** WHAT YOU WILL DO **
Down to the last line, set down the listing below exactly, apart from its pictures.

** MATERIAL SUPPLIED **
════

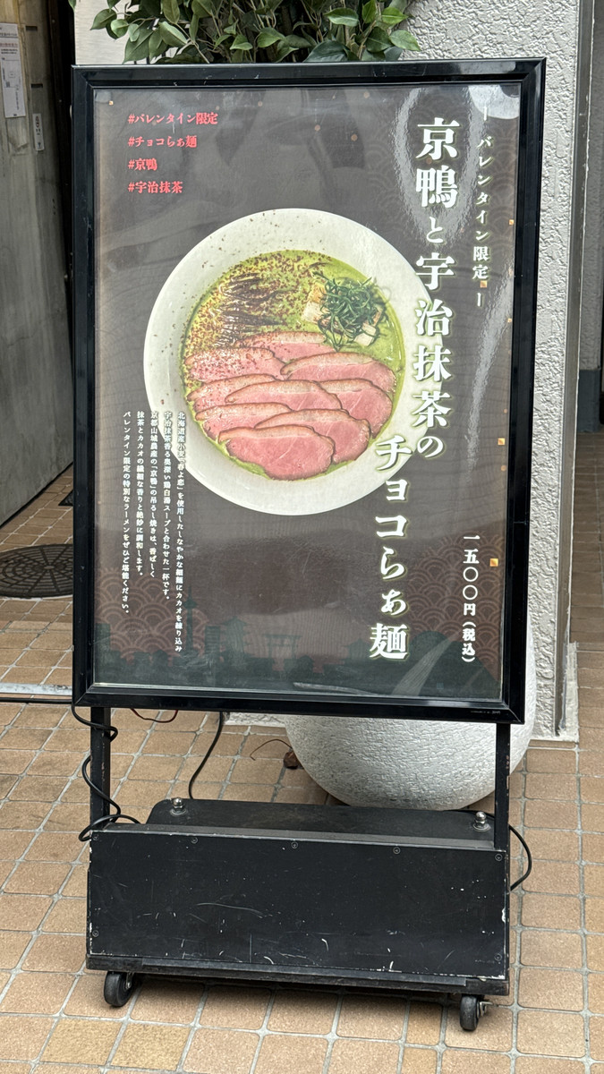 店頭には「京鴨と宇治抹茶のチョコレートラーメン」のポスターが貼られていました。
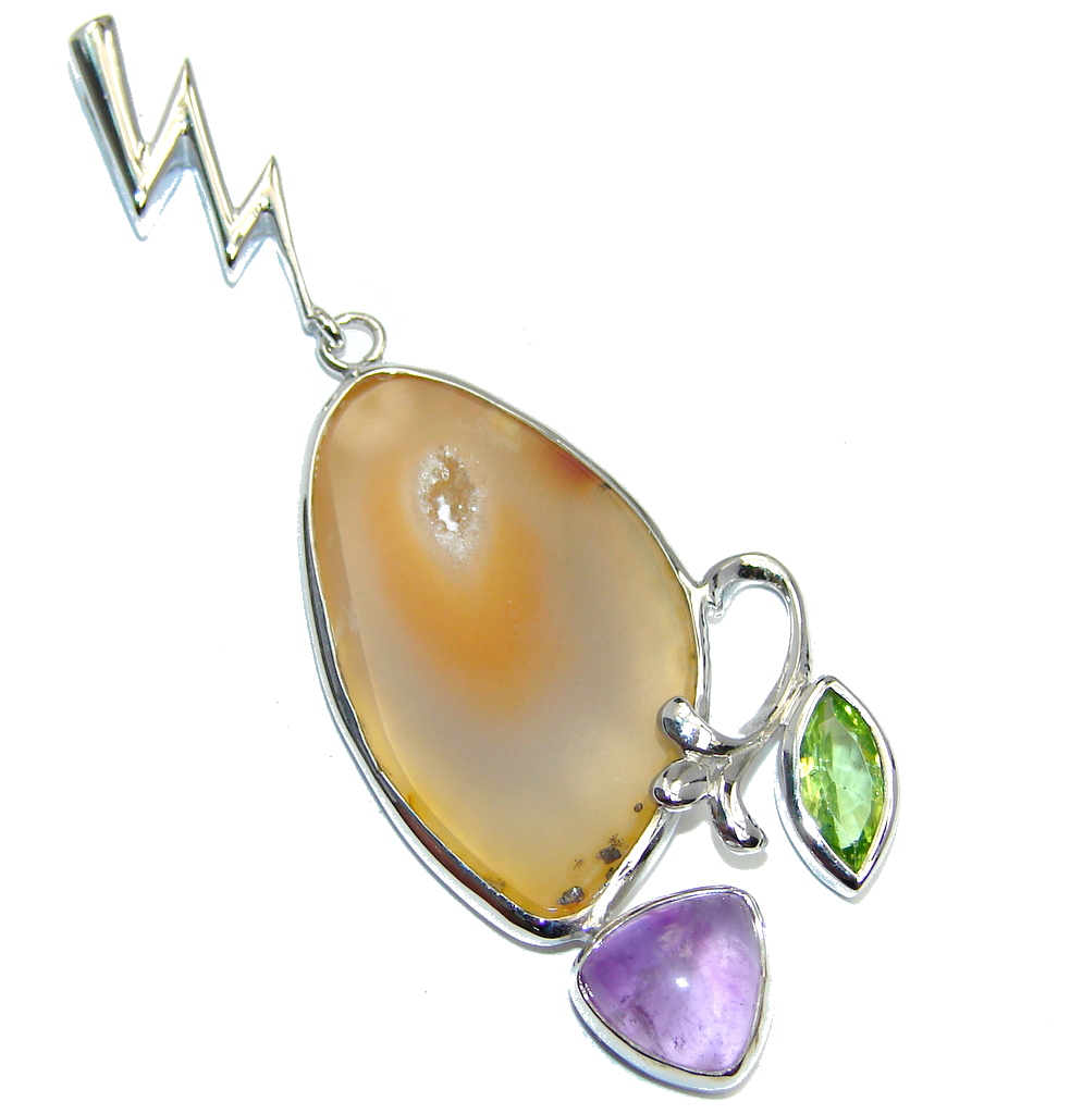 Huge! Fashion Brown Agate Sterling Silver Pendant
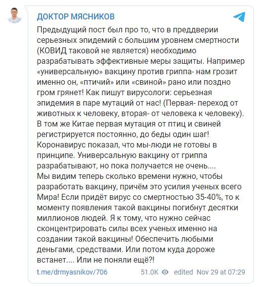 «Нам грозит именно он, „птичий“ или „свиной“ рано или поздно гром грянет!» — написал Мясников. — «Как пишут вирусологи: серьезная эпидемия в паре мутаций от нас».
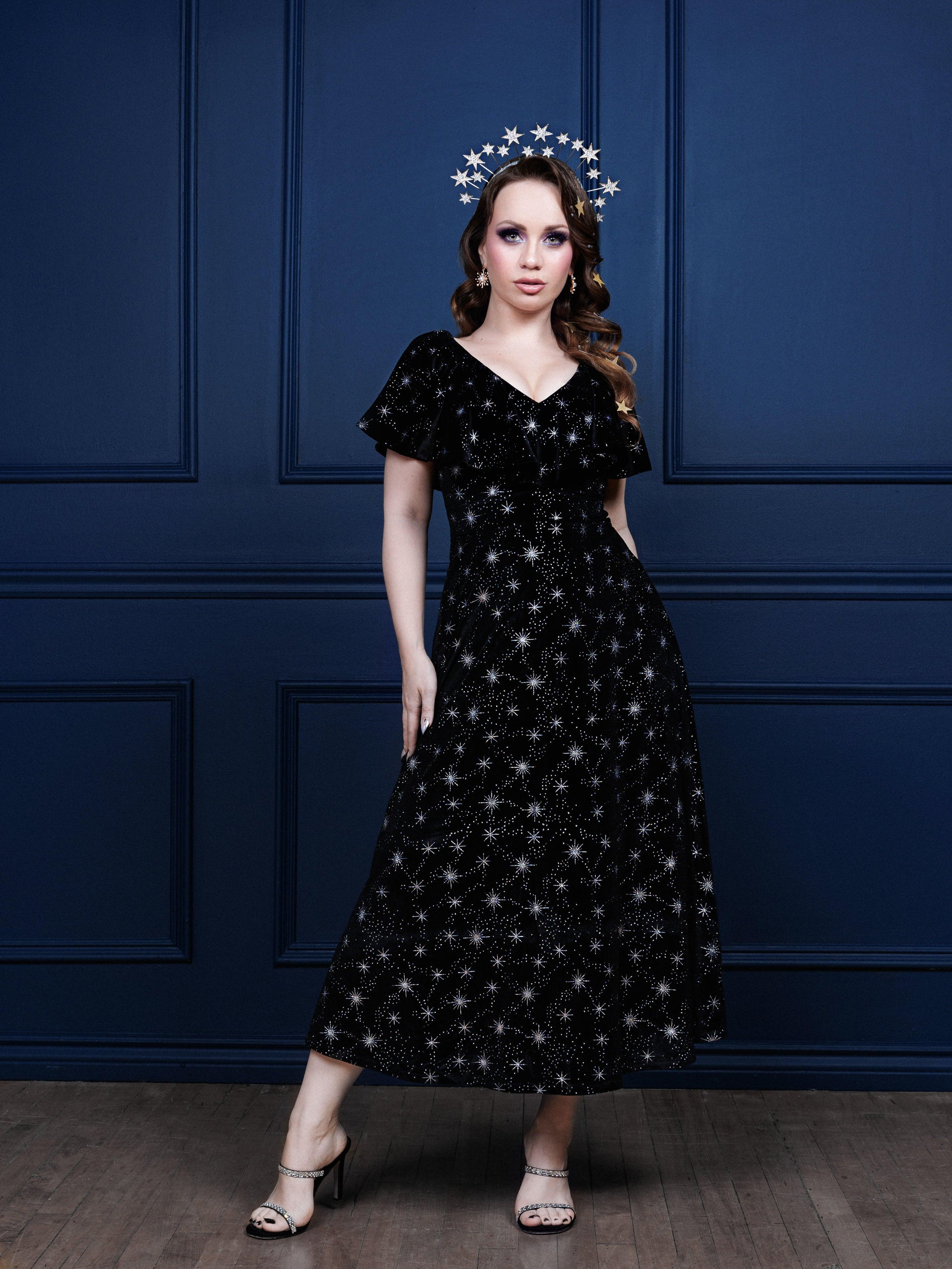 The Heavenly Body Dress is captivating fusion of vintage elegance and modern allure. This Valentino dupe is made from sumptuous black velvet adorned with a dazzling starburst print, this dress evokes a sense of timeless glamour. With vintage-inspired butterfly sleeves and side slits, it effortlessly combines the charm of the 1940s with the sophistication of art deco design. The dress features a flattering pull-in waist that accentuates your curves, and its midi length adds a touch of formality. Whether you're stepping into a New Year's celebration or any special occasion, the Heavenly Body Dress is your go-to choice for making a striking statement with grace and style.
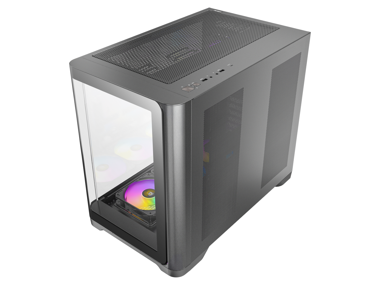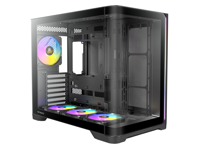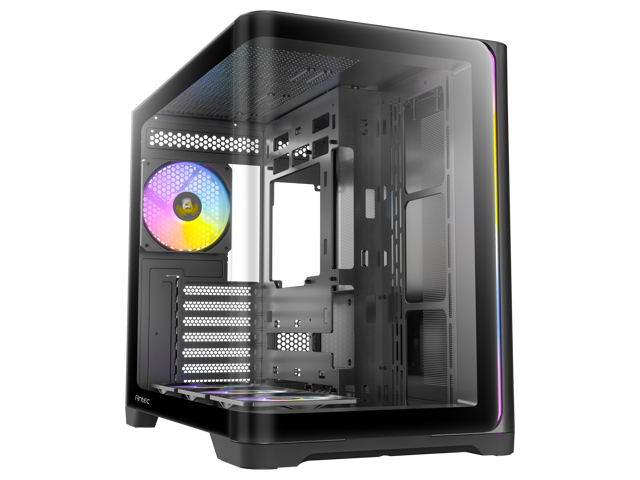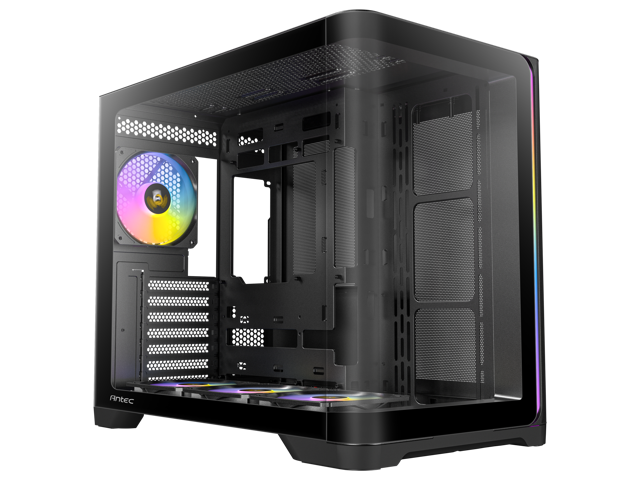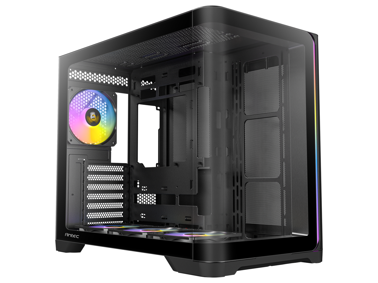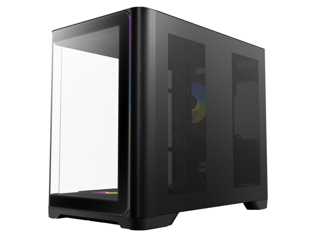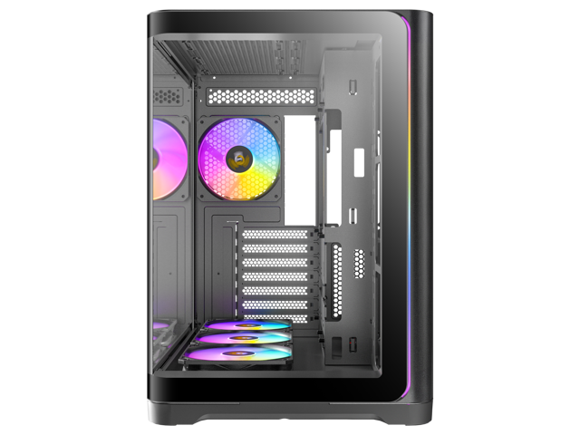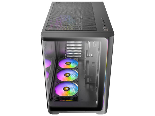 Full-View PC Case with Curved Front & Side Tempered Glass Panel.
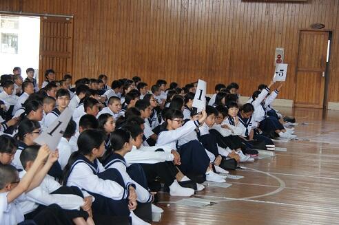 本日5、6校時は、本校体育館にて生徒総会が開かれました。この日を迎えるまでに学級討議やしおり作成、当日の運営など、生徒会役員を中心に全校生徒で尽力してきたことが活かされた素晴らしい議論の場となりました。生徒会スローガンの提案や専門委員会報告、会計報告が行われた後、よりよい学校にするための要望、中心議題では、どの学級からもプラカードが掲げられ、活発な意見交換が行われました。
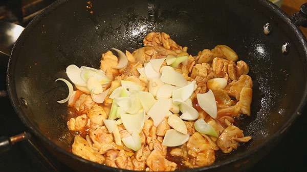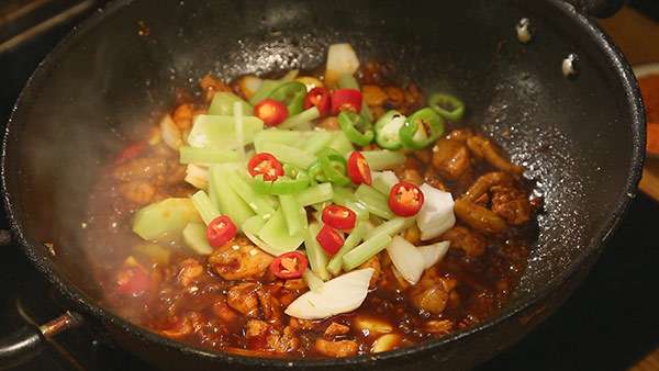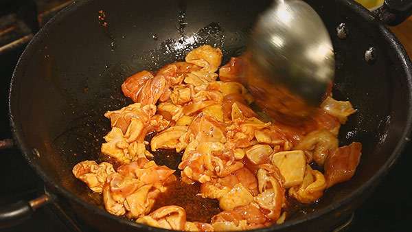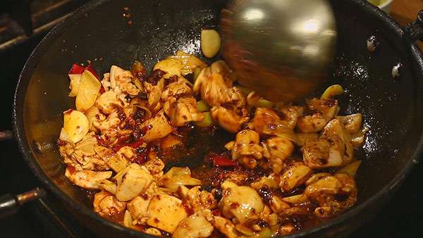 4.辣椒油混合花椒油炒制鸡肉。
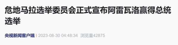 据央视新闻客户端消息,当地时间8月29日,危地马拉总统贾马太在选举委员会正式公布总统选举投票结果后确认,“种子运动”党候选人贝尔纳多·阿雷瓦洛赢得危地马拉总统选举。贾马太表示,他已向当选总统阿雷瓦洛和副总统发出邀请,9月4日下午在总统府举行第一次会议,制定政权交接时间表。

════

** ANSWER BOX **
 店頭には「京鴨と宇治抹茶のチョコレートラーメン」のポスターが貼られていました。
 Huge! Fashion Brown Agate Sterling Silver Pendant
 «Нам грозит именно он, „птичий“ или „свиной“ рано или поздно гром грянет!» — написал Мясников. — «Как пишут вирусологи: серьезная эпидемия в паре мутаций от нас».
 The Heavenly Body Dress is captivating fusion of vintage elegance and modern allure. This Valentino dupe is made from sumptuous black velvet adorned with a dazzling starburst print, this dress evokes a sense of timeless glamour. With vintage-inspired butterfly sleeves and side slits, it effortlessly combines the charm of the 1940s with the sophistication of art deco design. The dress features a flattering pull-in waist that accentuates your curves, and its midi length adds a touch of formality. Whether you're stepping into a New Year's celebration or any special occasion, the Heavenly Body Dress is your go-to choice for making a striking statement with grace and style.
 Full-View PC Case with Curved Front & Side Tempered Glass Panel.
 本日5、6校時は、本校体育館にて生徒総会が開かれました。この日を迎えるまでに学級討議やしおり作成、当日の運営など、生徒会役員を中心に全校生徒で尽力してきたことが活かされた素晴らしい議論の場となりました。生徒会スローガンの提案や専門委員会報告、会計報告が行われた後、よりよい学校にするための要望、中心議題では、どの学級からもプラカードが掲げられ、活発な意見交換が行われました。
 4.辣椒油混合花椒油炒制鸡肉。
 据央视新闻客户端消息,当地时间8月29日,危地马拉总统贾马太在选举委员会正式公布总统选举投票结果后确认,“种子运动”党候选人贝尔纳多·阿雷瓦洛赢得危地马拉总统选举。贾马太表示,他已向当选总统阿雷瓦洛和副总统发出邀请,9月4日下午在总统府举行第一次会议,制定政权交接时间表。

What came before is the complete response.